==== Data excerpt
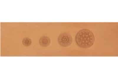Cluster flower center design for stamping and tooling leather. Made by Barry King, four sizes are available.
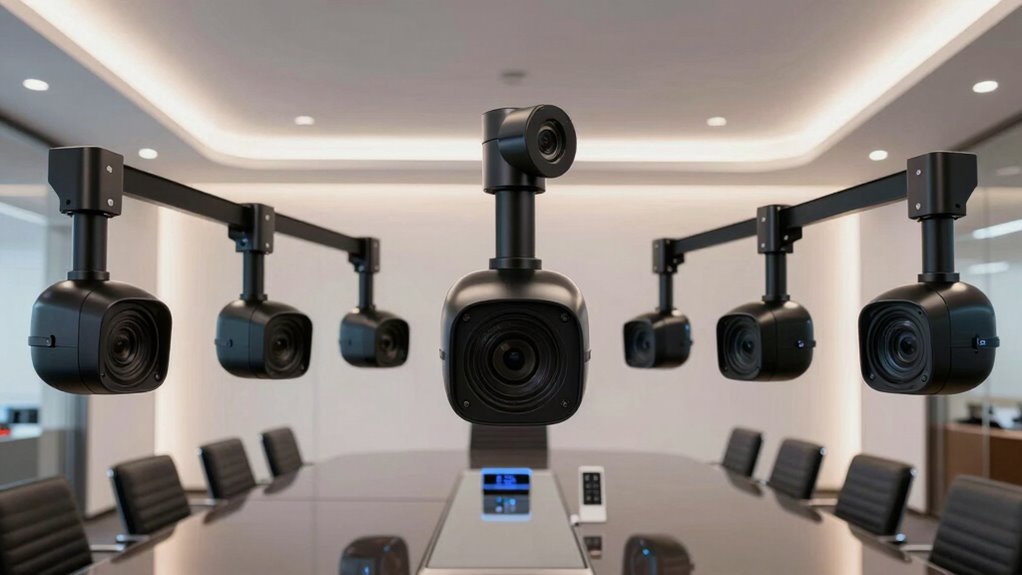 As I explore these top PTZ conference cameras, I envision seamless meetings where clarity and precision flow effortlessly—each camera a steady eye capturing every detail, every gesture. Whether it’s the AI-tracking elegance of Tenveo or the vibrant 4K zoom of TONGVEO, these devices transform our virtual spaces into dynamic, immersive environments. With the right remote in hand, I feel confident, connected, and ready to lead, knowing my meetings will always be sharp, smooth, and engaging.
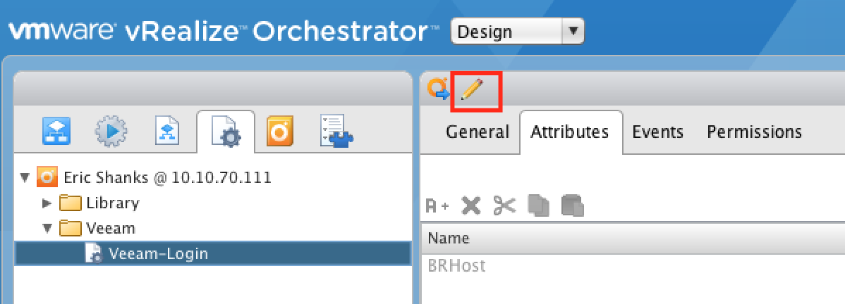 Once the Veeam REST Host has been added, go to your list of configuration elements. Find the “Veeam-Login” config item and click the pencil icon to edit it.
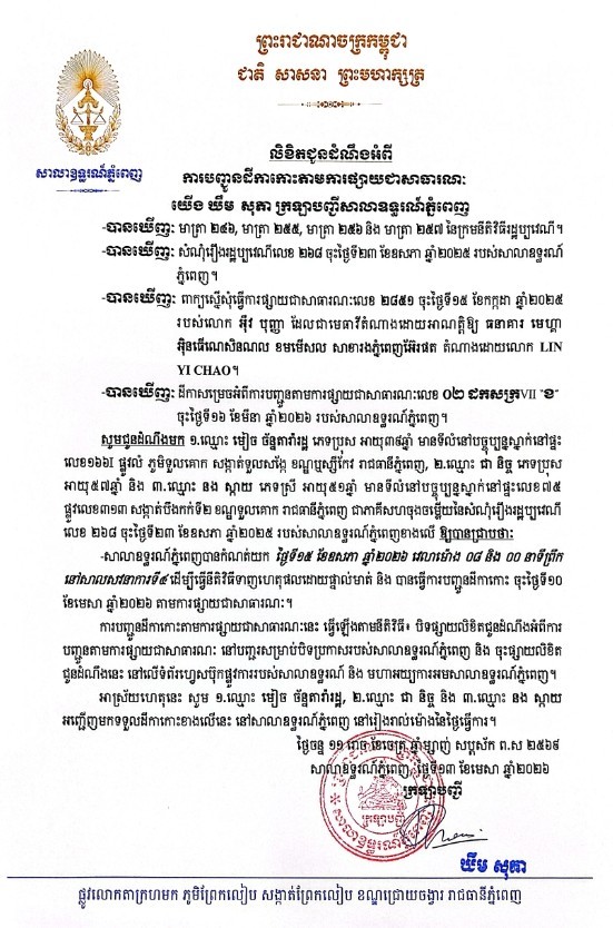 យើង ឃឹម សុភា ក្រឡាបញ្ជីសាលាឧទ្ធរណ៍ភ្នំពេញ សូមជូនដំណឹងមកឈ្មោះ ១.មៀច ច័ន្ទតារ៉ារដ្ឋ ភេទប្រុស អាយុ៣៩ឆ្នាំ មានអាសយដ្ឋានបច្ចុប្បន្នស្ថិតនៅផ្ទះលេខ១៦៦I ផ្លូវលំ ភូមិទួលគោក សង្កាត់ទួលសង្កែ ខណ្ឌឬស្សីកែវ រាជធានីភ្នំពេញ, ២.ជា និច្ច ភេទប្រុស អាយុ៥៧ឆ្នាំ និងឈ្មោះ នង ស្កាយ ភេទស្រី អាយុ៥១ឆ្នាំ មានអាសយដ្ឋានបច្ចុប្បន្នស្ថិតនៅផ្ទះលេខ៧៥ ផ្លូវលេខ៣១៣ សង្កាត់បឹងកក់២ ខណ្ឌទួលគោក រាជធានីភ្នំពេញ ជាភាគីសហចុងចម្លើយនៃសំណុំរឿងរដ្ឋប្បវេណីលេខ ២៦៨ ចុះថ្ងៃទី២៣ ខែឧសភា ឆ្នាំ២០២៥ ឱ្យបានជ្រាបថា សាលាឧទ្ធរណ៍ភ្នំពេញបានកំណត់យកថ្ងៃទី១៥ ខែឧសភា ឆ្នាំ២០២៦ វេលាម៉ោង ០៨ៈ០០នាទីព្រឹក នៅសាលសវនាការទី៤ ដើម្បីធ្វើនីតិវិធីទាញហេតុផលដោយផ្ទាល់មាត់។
========
- _What needs to be done_: Quote everything in the listing above exactly; pictures are the only thing to omit.

- _Solution_:
Cluster flower center design for stamping and tooling leather. Made by Barry King, four sizes are available.
 As I explore these top PTZ conference cameras, I envision seamless meetings where clarity and precision flow effortlessly—each camera a steady eye capturing every detail, every gesture. Whether it’s the AI-tracking elegance of Tenveo or the vibrant 4K zoom of TONGVEO, these devices transform our virtual spaces into dynamic, immersive environments. With the right remote in hand, I feel confident, connected, and ready to lead, knowing my meetings will always be sharp, smooth, and engaging.
 Once the Veeam REST Host has been added, go to your list of configuration elements. Find the “Veeam-Login” config item and click the pencil icon to edit it.
 យើង ឃឹម សុភា ក្រឡាបញ្ជីសាលាឧទ្ធរណ៍ភ្នំពេញ សូមជូនដំណឹងមកឈ្មោះ ១.មៀច ច័ន្ទតារ៉ារដ្ឋ ភេទប្រុស អាយុ៣៩ឆ្នាំ មានអាសយដ្ឋានបច្ចុប្បន្នស្ថិតនៅផ្ទះលេខ១៦៦I ផ្លូវលំ ភូមិទួលគោក សង្កាត់ទួលសង្កែ ខណ្ឌឬស្សីកែវ រាជធានីភ្នំពេញ, ២.ជា និច្ច ភេទប្រុស អាយុ៥៧ឆ្នាំ និងឈ្មោះ នង ស្កាយ ភេទស្រី អាយុ៥១ឆ្នាំ មានអាសយដ្ឋានបច្ចុប្បន្នស្ថិតនៅផ្ទះលេខ៧៥ ផ្លូវលេខ៣១៣ សង្កាត់បឹងកក់២ ខណ្ឌទួលគោក រាជធានីភ្នំពេញ ជាភាគីសហចុងចម្លើយនៃសំណុំរឿងរដ្ឋប្បវេណីលេខ ២៦៨ ចុះថ្ងៃទី២៣ ខែឧសភា ឆ្នាំ២០២៥ ឱ្យបានជ្រាបថា សាលាឧទ្ធរណ៍ភ្នំពេញបានកំណត់យកថ្ងៃទី១៥ ខែឧសភា ឆ្នាំ២០២៦ វេលាម៉ោង ០៨ៈ០០នាទីព្រឹក នៅសាលសវនាការទី៤ ដើម្បីធ្វើនីតិវិធីទាញហេតុផលដោយផ្ទាល់មាត់។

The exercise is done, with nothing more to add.